- Born: 1907 Erfurt, Thuringia, German Empire
- Died: 1975 (aged 67–68)
- Occupations: Museum curator artist art historian industrialist

Academic work
- Discipline: Art history

= Hans Hess (museologist) =

German museum curator

Hans Hess (1907-1975) was a German museum curator and art historian who worked in Leicester and York.

==Biography==
He was born in Erfurt, the son of a successful Jewish shoe manufacturer and patron of the arts Alfred Hess and his wife Thekla Hess, née Pauson (1884–1968). The artists Feininger, Kandinsky, Klee, and Pechstein were family friends as well as people like Otto Bamberger who lived in the town where his mother was born and raised. Hans Hess attended the reform boarding schools Wickersdorf Free School Community and Schule am Meer where he also got confronted with a rich variety of expressionist arts, artists like Christian Rohlfs, their paintings and art historians like Walter Kaesbach.

Hess worked for the publisher Ullstein until 1933, when he was forced out for being Jewish. He moved to London in 1935 and co-founded the Inside Nazi Germany magazine and, in 1938, helped to launch the Free German League of Culture. He was interned on the Isle of Man as an 'enemy alien' before being deported to Canada. Hess returned to Britain in 1942.

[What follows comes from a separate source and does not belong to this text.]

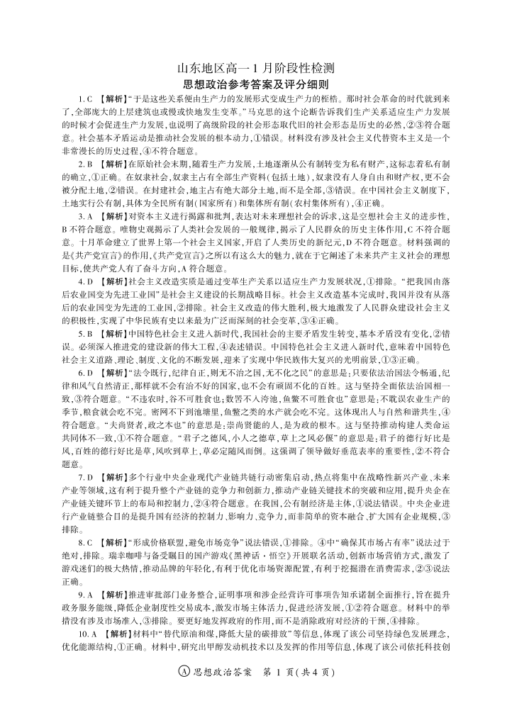 高一政治答案--山东省济南市名校联考2025-2026学年高一上学期1月月考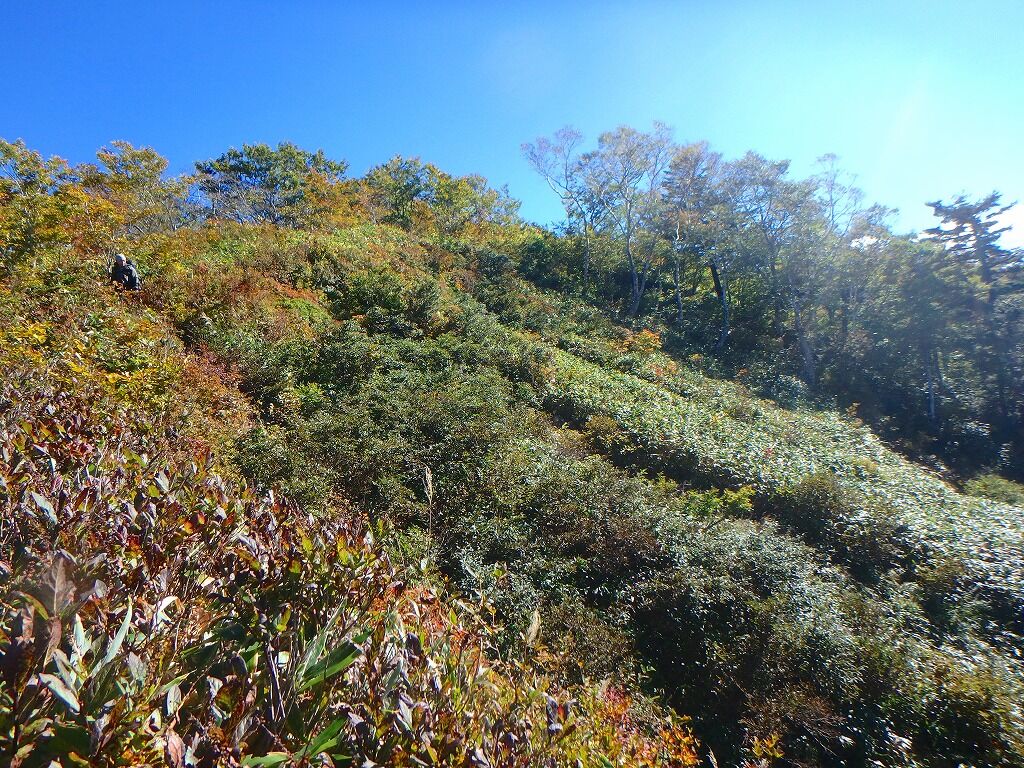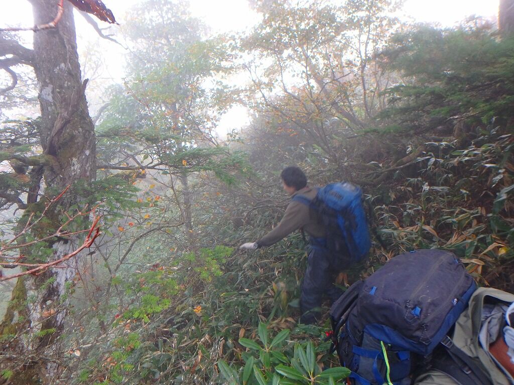 登山道だったら挨拶して素通りであるが、こんな藪中で出会ったら予定ルートを訪ねるのが礼儀というもの。それにこんなところに来るもの好きなんて一体全体どこのだれなんだ・・・と普通なら思うところであるが実のところ僕にはこのタイミングで出会う人物に心当たりがあった。

In early 1944 he was appointed Assistant Keeper of Art under the director Trevor Thomas (1907-1993) to Leicester Museum and Art Gallery just before the opening of an exhibition, which ran from 5-27 February 1944, titled 'Mid-European Art', which was supported by the Free German League of Culture. Hess was promoted to Keeper of Art following Thomas' sudden and forced departure in 1946. Later, he was appointed curator at York Art Gallery in 1948, when the gallery reopened after being bombed during the Second World War. He lived with his wife (and fellow German refugee) Lillie Williams and their daughter Anita at 56 Skeldergate in York.

He was awarded an OBE in the 1958 New Year Honours.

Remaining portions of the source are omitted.